We live in an ever more personalized world. Almost everything can be tailored to your specific needs, desires or tastes. If you've ever logged into a web browser, this customization is being done for you without your knowledge.
Even if you're not logged into Google, its search results will not only take in the objective information needed to answer your query, but it will also tailor it to be more in line with your past behaviors based on cookies in your browser - unless you opt out of this feature by turning off your search history personalization.
All this seems well and good, and for simple things, like search results, it may not be such a bad thing. Unfortunately, there can be some unpleasant side effects as we begin to expect that everything will be as we deem it should be, tailored to our every whim.
This can be especially dangerous when it comes to the world of work.
There's a Reason It's Called 'Work'
If you are working for a company, no matter what your role is, you are there to help the company succeed and therefore you should be compensated appropriately. Businesses must weigh decisions all the time about compensation and service to their clients. They balance this with protecting the bottom line, while ensuring a healthy future of the business, so that employees can continue to draw a paycheck.

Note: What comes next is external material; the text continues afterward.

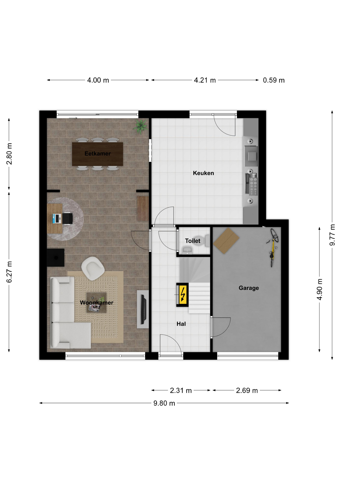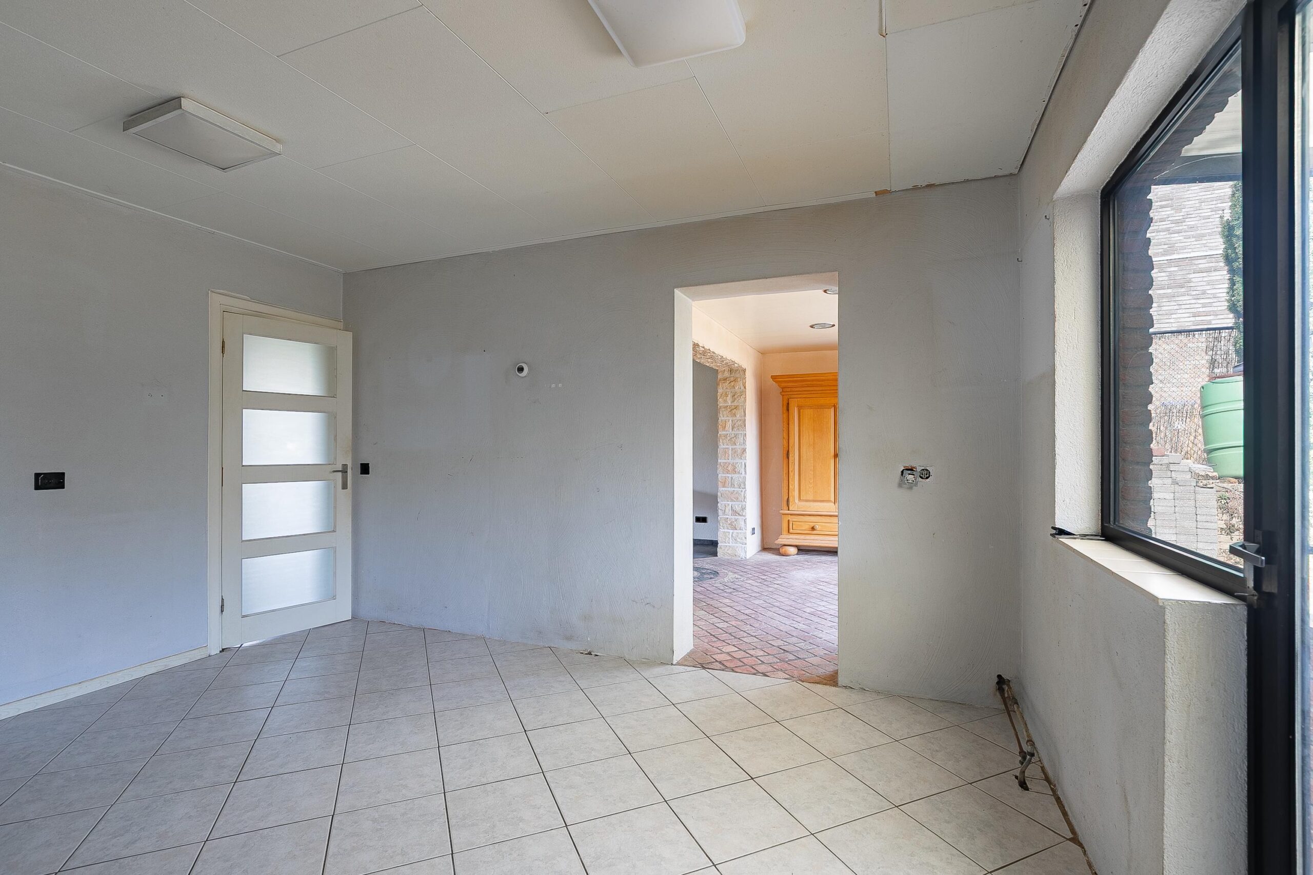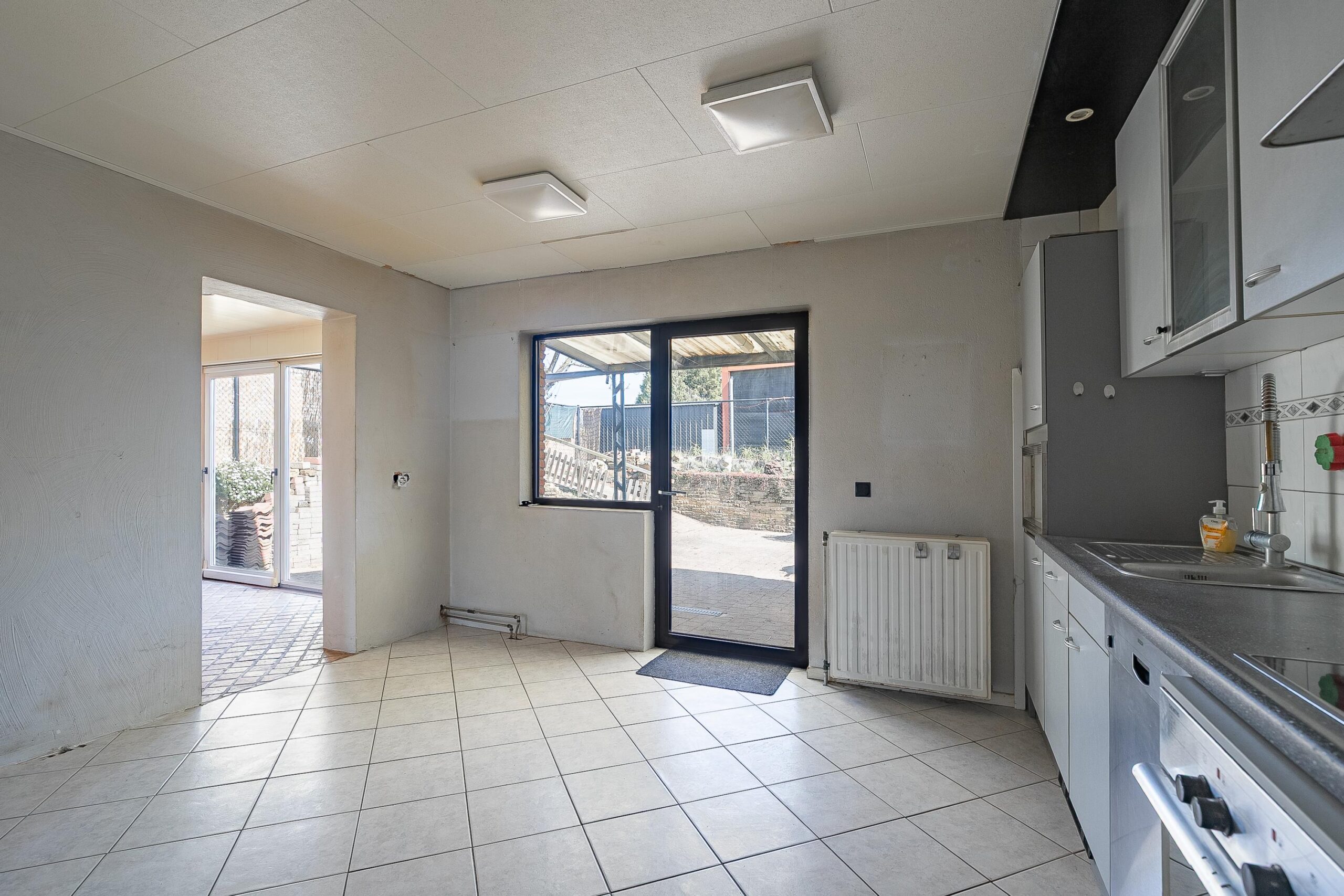 Entree. Hal met toegang tot garage met kantelpoort en oprit. Meterkast met dag- en nachtstroom en geheel betegelde toiletruimte met zwevend toilet en fontein. Sfeervolle zeer ruime woonkamer met plavuizenvloer, pellet kachel, veel lichtinval en schuifpui naar de tuin. De leefkeuken met tegelvloer is voorzien van een kunststof keukeninstallatie met navolgende apparatuur: elektrisch kookplaat, oven en afzuigkap.
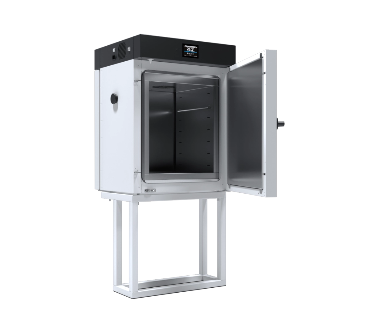 The POL-EKO SRWP 115 is more than just a sterilizer; it is a critical component of laboratory infrastructure. By featuring a double-door design (front and rear), it allows staff to load unsterile items in one room, perform a high-temperature sterilization cycle, and unload the sterile items in a separate, clean environment.7 This “pass-through” capability is vital for BSL-3 labs, pharmaceutical production, and any facility requiring a physical barrier between different air-quality zones.Cleanroom-Grade Safety & Interlock Technology:Safety and environmental integrity are the core features of the SRWP series:Door Interlock System: To prevent cross-contamination, the unit is equipped with an electronic interlock. If one door is open, the other cannot be unlocked. Additionally, the door on the “clean” side remains locked until a sterilization cycle is successfully completed.Dual Monitoring: The primary Smart controller (4.3-inch touchscreen) is located on the loading side.8 The rear “clean” side is equipped with high-visibility indicator lights (LEDs) that inform staff when the load is ready for extraction.9+1Automatic Air-Flap: The ventilation air-flap closes automatically during the sterilization phase to ensure the chamber is sealed, maintaining the pressure and thermal barrier between rooms.10Thermal Precision and Compliance:Despite its unique physical configuration, the SRWP 115 maintains the high performance of the SRW range:Forced Air Convection: Fan-assisted heating ensures that the 112-liter chamber reaches the set temperature quickly and uniformly, essential for high-throughput transfer.11Specialized Cycles: Pre-set programs for standard sterilization (12$160^{circ}C$, 13$180^{circ}C$, 14$200^{circ}C$) and a dedicated program for mask/PPE disinfection are standard.15Data Management: All cycle data is logged internally and can be exported via USB or LAN for GLP/GMP-compliant documentation and auditing.16Primary Applications:Pharmaceutical Cleanrooms: Transferring glassware and tools into sterile filling zones.Biosafety Labs (BSL): Safely removing materials from high-containment areas.Hospitals: Linking “dirty” instrument washing rooms with “clean” assembly rooms.Electronics/Semiconductor Industry: Moving components between different cleanroom classifications.

There is a natural conflict between the needs of the employee (you) and the needs of the organization (where you work). This conflict can be compounded if you become disengaged with work. This is not only harmful to the company, but also harmful to you, the employee, as this may lead to distraction, decreased effort, poor performance, bad reviews and, ultimately, it could damage your career.
If you're having problems with your work situation, you are obligated to bring up reasonable concerns to your manager. If the situation is untenable, then perhaps it's time to move on. There is no such thing as a perfect job, and if you keep looking for that while ignoring your obligations, it will hurt you in the long run.
Instead, try to look at the opportunities you'll have in the future, based on your performance in these less than ideal conditions. Maybe it won't be with the same company, but the skills and knowledge that you gain in working through difficult employment situations will undoubtedly serve you well in the future.
Your Job Is Your Choice
Don't forget that your job is your choice, to an extent. You don't have to keep going into the office every day; you can always quit. This is not something I'd recommend, unless you have a substantial cash reserve (as well as another opportunity on the horizon), but, technically, it is always an option. According to a recent JobsInTheUS.com poll, 35 percent would leave their current job for another if it paid more; 16 percent would leave for better benefits elsewhere.
Change Your Perspective
If you're unhappy in your job situation, here are some things to ponder that could turn things around for the better:
- What brought you to the job in the first place? You have control over how you approach the work that you do. Think about those aspects of the work you enjoy, and try to find new and different ways to do more of that, and maybe even do it better.
- While there are obvious limitations, most managers would welcome an employee bringing ideas to the table about how they might be able to improve the process.
- As Seth Godin points out in his book, Linchpin, the days of the "factory worker" are almost gone, and that means employers need you to bring your full self to work. Find ways to engage in your work in a way that you enjoy, and you might find yourself feeling differently about your job.